**Stored data:**
::::::::::

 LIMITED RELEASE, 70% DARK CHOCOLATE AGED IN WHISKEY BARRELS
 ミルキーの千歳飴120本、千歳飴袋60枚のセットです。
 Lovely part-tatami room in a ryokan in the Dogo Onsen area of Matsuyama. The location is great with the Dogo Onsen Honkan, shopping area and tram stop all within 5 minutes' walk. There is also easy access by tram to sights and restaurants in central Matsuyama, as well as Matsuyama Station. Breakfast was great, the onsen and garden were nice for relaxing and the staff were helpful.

::::::::::

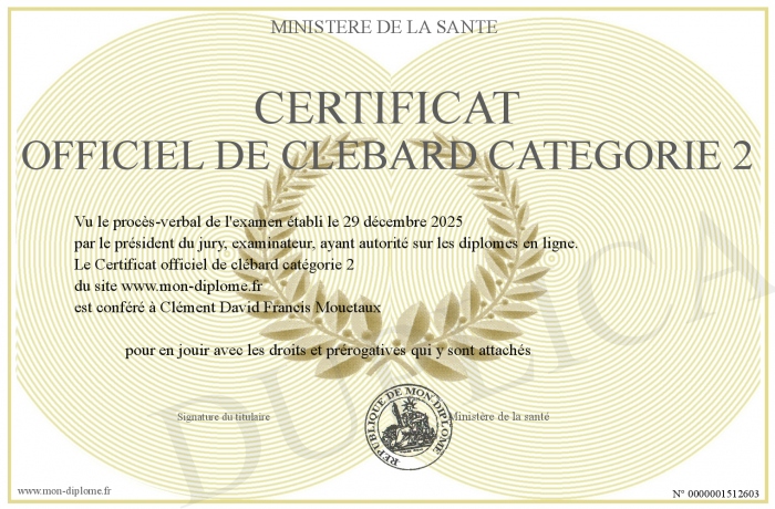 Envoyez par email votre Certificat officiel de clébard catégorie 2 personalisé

::::::::::

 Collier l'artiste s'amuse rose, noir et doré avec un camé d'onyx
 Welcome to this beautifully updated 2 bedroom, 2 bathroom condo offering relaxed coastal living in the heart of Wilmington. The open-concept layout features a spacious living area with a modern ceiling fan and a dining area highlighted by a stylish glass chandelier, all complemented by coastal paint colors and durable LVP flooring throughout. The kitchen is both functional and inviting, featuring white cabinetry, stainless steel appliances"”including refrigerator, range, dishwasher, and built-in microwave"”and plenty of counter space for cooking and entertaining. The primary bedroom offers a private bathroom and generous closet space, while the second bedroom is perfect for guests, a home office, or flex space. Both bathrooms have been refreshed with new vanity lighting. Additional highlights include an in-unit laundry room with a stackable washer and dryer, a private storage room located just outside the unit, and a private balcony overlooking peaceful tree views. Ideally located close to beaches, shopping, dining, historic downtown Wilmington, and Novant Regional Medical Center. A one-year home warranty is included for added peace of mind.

::::::::::

**The problem:** Exactly the lines above from the one with "LIMITED RELEASE, 70%" to the one with "Lovely part-tatami room", both included, are to be quoted; leave the rest out.

**Answer section:**
 LIMITED RELEASE, 70% DARK CHOCOLATE AGED IN WHISKEY BARRELS
 ミルキーの千歳飴120本、千歳飴袋60枚のセットです。
 Lovely part-tatami room in a ryokan in the Dogo Onsen area of Matsuyama. The location is great with the Dogo Onsen Honkan, shopping area and tram stop all within 5 minutes' walk. There is also easy access by tram to sights and restaurants in central Matsuyama, as well as Matsuyama Station. Breakfast was great, the onsen and garden were nice for relaxing and the staff were helpful.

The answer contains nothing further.